Performance monitoring requires systematic protocols to ensure Kelly implementation remains effective over time. Weekly reviews should compare actual versus expected win rates and average win/loss ratios to identify parameter drift or strategy degradation. Position size efficiency and execution quality monitoring ensures that calculated recommendations translate effectively into actual trading results. Tracking correlation between calculated and realized risk helps identify discrepancies between theoretical and practical risk exposure.
Monthly calibration provides more comprehensive parameter assessment using the most recent 100 trades to maintain statistical relevance while capturing current market conditions. Kelly mode appropriateness requires reassessment based on recent market volatility and performance characteristics, potentially shifting between Full, Half, and Quarter Kelly approaches as conditions change. Transaction cost evaluation ensures that commission structures, spreads, and slippage estimates remain accurate and current.
Quarterly strategic reviews encompass comprehensive strategy performance analysis comparing long-term results against expectations and identifying trends in effectiveness. Market regime assessment evaluates parameter stability across different market conditions, determining whether strategy characteristics remain consistent or require fundamental adjustments. Strategic modifications to position sizing methodology may become necessary as markets evolve or trading approaches mature, ensuring that Kelly implementation continues supporting optimal capital allocation objectives.
Professional Applications
This calculator serves diverse professional applications across the financial industry. Quantitative hedge funds utilize the implementation for systematic position sizing within algorithmic trading frameworks, where mathematical precision and consistent application prove essential for institutional capital management. Professional discretionary traders benefit from optimized position management that removes emotional bias while maintaining flexibility for market-specific adjustments. Portfolio managers employ the calculator for developing risk-adjusted allocation strategies that enhance returns while maintaining prudent risk controls across diverse asset classes and investment strategies.

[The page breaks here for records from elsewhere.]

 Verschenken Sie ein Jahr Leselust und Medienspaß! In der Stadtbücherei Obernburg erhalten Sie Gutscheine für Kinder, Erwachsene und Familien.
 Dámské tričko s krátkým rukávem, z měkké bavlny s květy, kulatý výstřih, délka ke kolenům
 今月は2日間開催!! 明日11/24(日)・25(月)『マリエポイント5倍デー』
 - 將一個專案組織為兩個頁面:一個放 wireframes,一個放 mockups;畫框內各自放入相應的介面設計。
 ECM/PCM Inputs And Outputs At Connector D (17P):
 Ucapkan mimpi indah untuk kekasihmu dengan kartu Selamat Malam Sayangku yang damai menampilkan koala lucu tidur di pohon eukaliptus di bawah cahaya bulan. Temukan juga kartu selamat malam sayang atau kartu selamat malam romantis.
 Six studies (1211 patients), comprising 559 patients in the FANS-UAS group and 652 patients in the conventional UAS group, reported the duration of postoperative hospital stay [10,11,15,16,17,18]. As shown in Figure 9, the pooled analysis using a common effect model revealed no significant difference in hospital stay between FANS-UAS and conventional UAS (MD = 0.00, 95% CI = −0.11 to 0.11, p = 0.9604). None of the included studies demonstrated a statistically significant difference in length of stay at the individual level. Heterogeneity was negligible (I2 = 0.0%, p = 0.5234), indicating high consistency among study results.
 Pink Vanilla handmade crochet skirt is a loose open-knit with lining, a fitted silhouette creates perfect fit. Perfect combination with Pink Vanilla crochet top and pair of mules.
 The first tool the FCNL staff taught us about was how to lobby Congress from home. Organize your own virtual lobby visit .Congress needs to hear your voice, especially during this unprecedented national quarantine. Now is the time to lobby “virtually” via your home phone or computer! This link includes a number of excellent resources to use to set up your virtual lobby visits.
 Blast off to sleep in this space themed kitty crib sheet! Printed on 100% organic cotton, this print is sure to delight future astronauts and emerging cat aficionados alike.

Individual traders seeking mathematical optimization of capital allocation find the calculator provides institutional-grade methodology previously available only to professional money managers. The Kelly Criterion establishes theoretical foundation for optimal capital allocation across both single strategies and multiple trading systems, offering significant advantages over arbitrary position sizing methods that rely on intuition or fixed percentage approaches. Professional implementation ensures consistent application of mathematically sound principles while adapting to changing market conditions and strategy performance characteristics.
Conclusion
The Kelly Criterion represents one of the few mathematically optimal solutions to fundamental investment problems. When properly understood and carefully implemented, it provides significant competitive advantage in financial markets. This calculator implements modern refinements to Kelly's original formula while maintaining accessibility for practical trading applications.

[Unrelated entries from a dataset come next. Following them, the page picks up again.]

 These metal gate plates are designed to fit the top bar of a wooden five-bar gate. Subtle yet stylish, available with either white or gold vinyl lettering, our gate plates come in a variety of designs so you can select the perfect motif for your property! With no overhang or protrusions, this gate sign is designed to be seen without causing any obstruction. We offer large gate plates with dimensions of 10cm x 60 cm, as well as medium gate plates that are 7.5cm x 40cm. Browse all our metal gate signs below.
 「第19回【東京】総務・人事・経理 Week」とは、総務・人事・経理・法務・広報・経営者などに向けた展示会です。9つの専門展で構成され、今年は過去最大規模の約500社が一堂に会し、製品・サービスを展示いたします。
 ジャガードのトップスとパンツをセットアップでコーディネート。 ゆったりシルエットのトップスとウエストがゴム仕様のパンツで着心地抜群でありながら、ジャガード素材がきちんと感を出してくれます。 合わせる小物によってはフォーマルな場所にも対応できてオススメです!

Success with Kelly requires ongoing learning, systematic application, and continuous refinement based on market feedback and evolving research. Users who master Kelly principles and implement them systematically can expect superior risk-adjusted returns and more consistent capital growth over extended periods.
The extensive academic literature provides rich resources for deeper study, while practical experience builds the intuition necessary for effective implementation. Regular parameter updates, conservative approaches with limited data, and disciplined adherence to calculated recommendations are essential for optimal results.
References
Archer, M. D. (2010). Getting Started in Currency Trading: Winning in Today's Forex Market (3rd ed.). John Wiley & Sons.
Baker, R. D., & McHale, I. G. (2012). An empirical Bayes approach to optimising betting strategies. Journal of the Royal Statistical Society: Series D (The Statistician), 61(1), 75-92.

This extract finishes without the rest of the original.